Entrevoir le bonheur
Après la mort de Kobe, Laura dispose officiellement de deux ans pour être enceinte. Les six premiers mois comptent comme période de deuil obligatoire, ce qui ne laisse en réalité qu'un an et demi. « J'ai été choquée par ce délai. Je comprends qu’on ne puisse pas commencer à avoir des enfants immédiatement après le décès de son partenaire. Pendant ces six mois, j'ai moi-même oscillé à plusieurs reprises entre "dois-je le faire ?" et "j'y vais !". Ce doute me semble également nécessaire. Et utile, car élever seul un enfant n'est pas une décision que l'on prend à la légère.
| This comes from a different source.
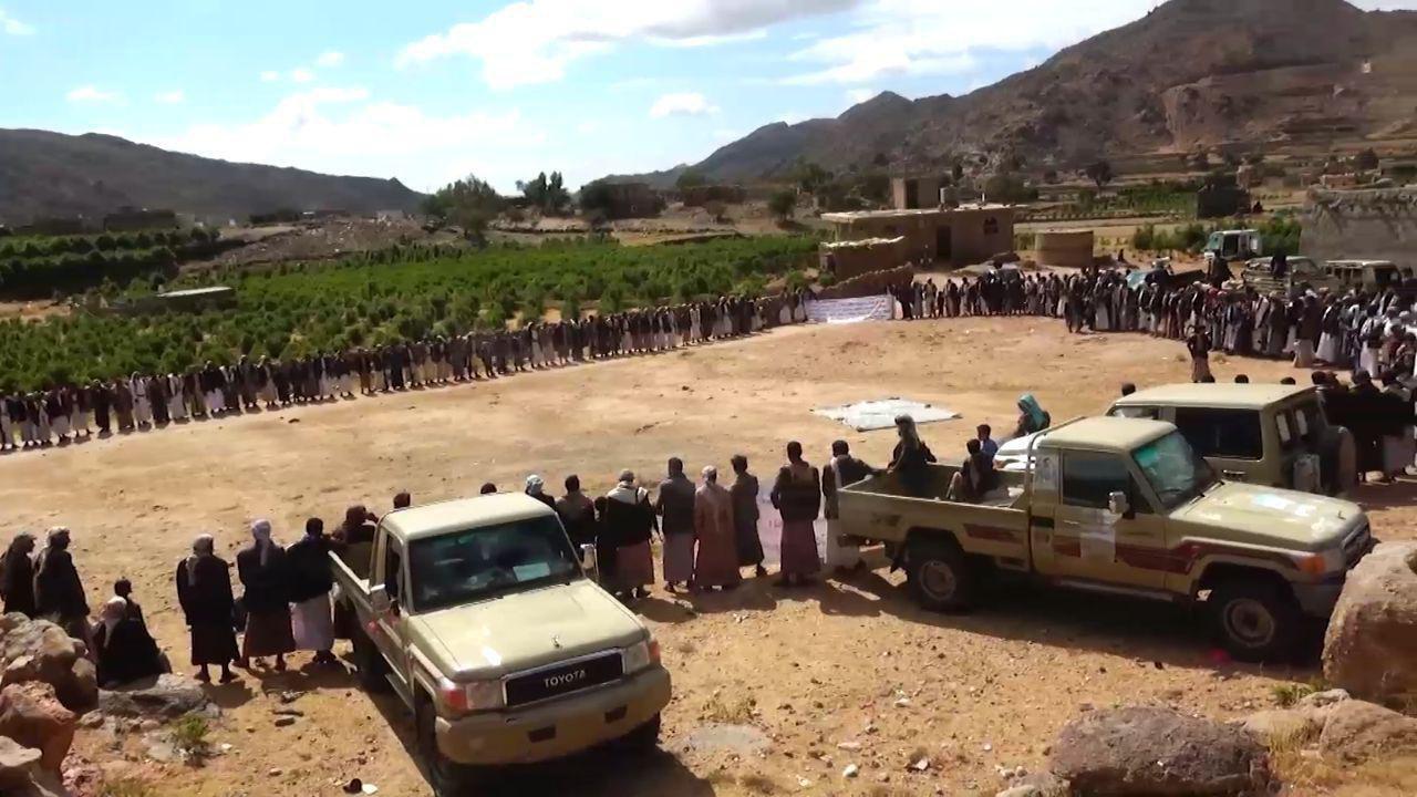 وأثناء عرض القافلة التي احتوت على عشرات من رؤوس الاغنام ، إضافة إلى مبالغ مالية كبيرة ، نفذ أهالي المنطقة وقفة احتجاجية بحضور شعبي استنكاراً لاستمرار جرائم العدوان الأمريكي السعودي الغاشم وكذلك العدوان الاقتصادي المتمثل بالحصار البحري والبري والجوي واستهداف العملة الوطنية ونهب ثروات البلد .

Mais le temps vous donne aussi la possibilité de vous inquiéter énormément… Et les dix-huit mois restants ne font qu'augmenter la pression : et si vous ne tombez pas enceinte tout de suite ? Bientôt - heureusement - la législation sera modifiée : les partenaires disposeront alors de cinq ans au lieu de deux après le décès de l'autre parent. Certains ne comprennent pas qu'une personne puisse vouloir un enfant de son partenaire décédé. En discutant autour de moi, je sais que je suis loin d'être la seule à avoir ce souhait. On me dit aussi que je suis encore jeune et que je peux rencontrer quelqu'un d’autre. C'est possible, oui. Mais pour moi, avoir un enfant de Kobe peut coexister avec la rencontre d'un nouveau partenaire. Mais, ce n'est pas encore pour demain ».
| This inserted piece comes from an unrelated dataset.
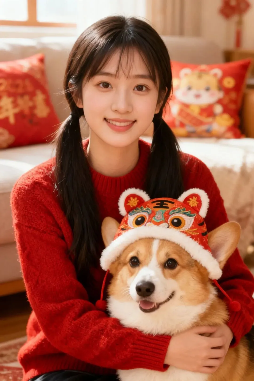 2026新年人宠写真,女生,红色毛衣+双马尾,抱着戴虎头帽的柯基,温馨客厅(新年抱枕),一起看镜头笑,暖调光影,毛发清晰,治愈感,高清写实

Nous lui demandons si elle espère que son bébé ressemblera à Kobe. « En fait, je m'en fiche un peu », répond Laura en souriant. « Je veux avant tout que notre enfant soit lui-même à 100 % - c'est le meilleur cadeau que je puisse lui faire. Tout ce que j'espère, c'est qu'il soit en bonne santé et heureux. Mon fils ou ma fille n'est pas censé(e) maintenir Kobe en vie, une telle attente entraînerait une pression inutile. J'espère transmettre à notre bébé la curiosité et la musicalité de Kobe, deux traits qui le caractérisaient. Je ne saurai jamais comment il les aurait réellement transmis mais je peux donner à notre bébé suffisamment de stimulations et lui offrir la guitare sur laquelle Kobe jouait toujours. La parentalité ne sera pas une promenade de santé, mais elle ne l'est jamais, même quand on a un partenaire à ses côtés. Comme il s'agit de l'enfant de Kobe, j'ai l'impression qu'il est toujours à mes côtés. Je peux aussi compter sur sa famille : comme mes propres parents, mes beaux-parents sont impatients de rencontrer le bébé. Et si notre fils ou notre fille demande un jour des nouvelles de son papa, je serai ravie de lui parler de Kobe. De belles histoires en perspective ».